Closing unclosed backquotes

jackalcooper · jackalcooper · commit 383716317dce · 2025-10-14T15:56:38.000+08:00
diff --git a/mlir/include/mlir/Dialect/Shard/IR/ShardOps.td b/mlir/include/mlir/Dialect/Shard/IR/ShardOps.td
@@ -49,7 +49,7 @@ def Shard_GridOp : Shard_Op<"grid", [Symbol, Pure]> {
     Example:
     ```
     // A device grid with 3 axes, the total device number is 4 * 8 * 12
-    // The dimension sizes are 4, 8, 12 
+    // The dimension sizes are 4, 8, 12
     shard.grid @grid0(shape = 4x8x12)
 
     // A device grid with 2 axes, the total device number is unknown
@@ -173,8 +173,8 @@ def Shard_NeighborsLinearIndicesOp : Shard_Op<"neighbors_linear_indices", [
     %idx = shard.neighbors_linear_indices on @grid[%c1, %c2, %c3] split_axes = [1] : index
     ```
     The above returns two indices, `633` and `693`, which correspond to the
-    index of the previous process `(1, 1, 3)`, and the next process 
-    `(1, 3, 3) along the split axis `1`.
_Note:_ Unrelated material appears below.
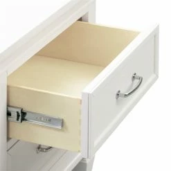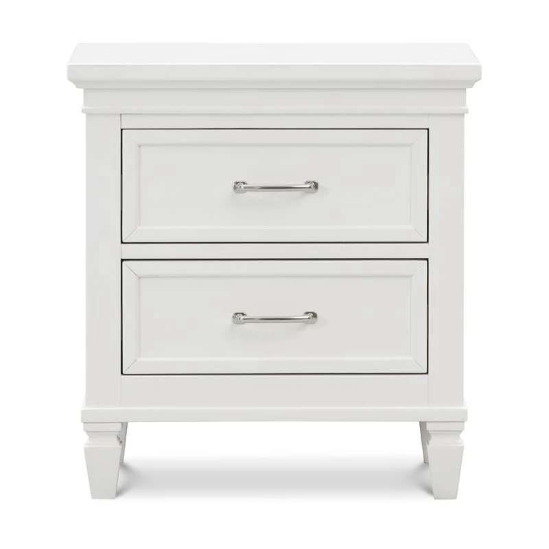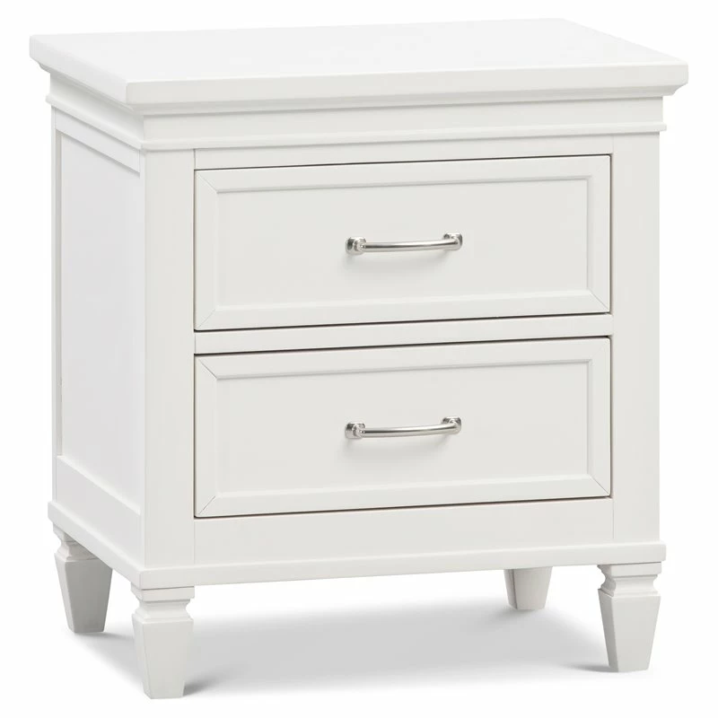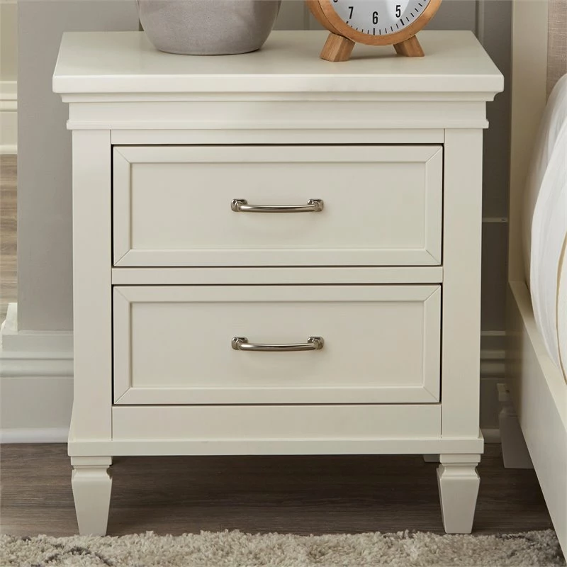 Bask in romantic French country inspired style. Nightstand offer spacious drawers with dovetail construction and self-closing glides, classic raised molding and satin nickel drawer handles for easy transition throughout the home.

+    index of the previous process `(1, 1, 3)`, and the next process
+    `(1, 3, 3)` along the split axis `1`.
 
     A negative value is returned if there is no neighbor in the respective
     direction along the given `split_axes`.
@@ -222,20 +222,20 @@ def Shard_ShardingOp : Shard_Op<"sharding", [
     size is 2 at its end. `halo_sizes = [1, 2, 2, 3]` defines halos for the first 2
     sharded dimensions e.g. the first sharded dimension gets `[1,2]` halos and the
     seconds gets `[2,3]` halos. `?` indicates dynamic halo sizes.
-    
+
     4. [Optional] Offsets for each shard and sharded tensor dimension.
     `sharded_dims_offsets` is provided as a flattened 1d array of i64s. For each
     sharded tensor dimension the offsets (starting index) of all shards in that
     dimension and an additional value for the end of the last shard are provided.
     For a 1d sharding this means that position `i` has the exclusive prefix sum for
     shard `i`, and since only contiguous sharding is supported, its inclusive prefix
     sum is at position 'i+1'.
-    
+
     Assuming a 3d-tensor of shape 32x32x32 with the first 2 dimensions being sharded,
     `sharded_dims_offsets` = [0, 24, 32, 0, 20, 32] means that the first device of
     the device-grid will get a shard of shape 24x20x32 and the second device will get
     a shard of shape 8x12x32. `?` indicates dynamic shard dimensions.
-    
+
     `halo_sizes` and `sharded_dims_offsets` are mutually exclusive.
 
     Examples:
@@ -259,15 +259,15 @@ def Shard_ShardingOp : Shard_Op<"sharding", [
     // and it has halo-sizes of 1 and 2 on the sharded dim.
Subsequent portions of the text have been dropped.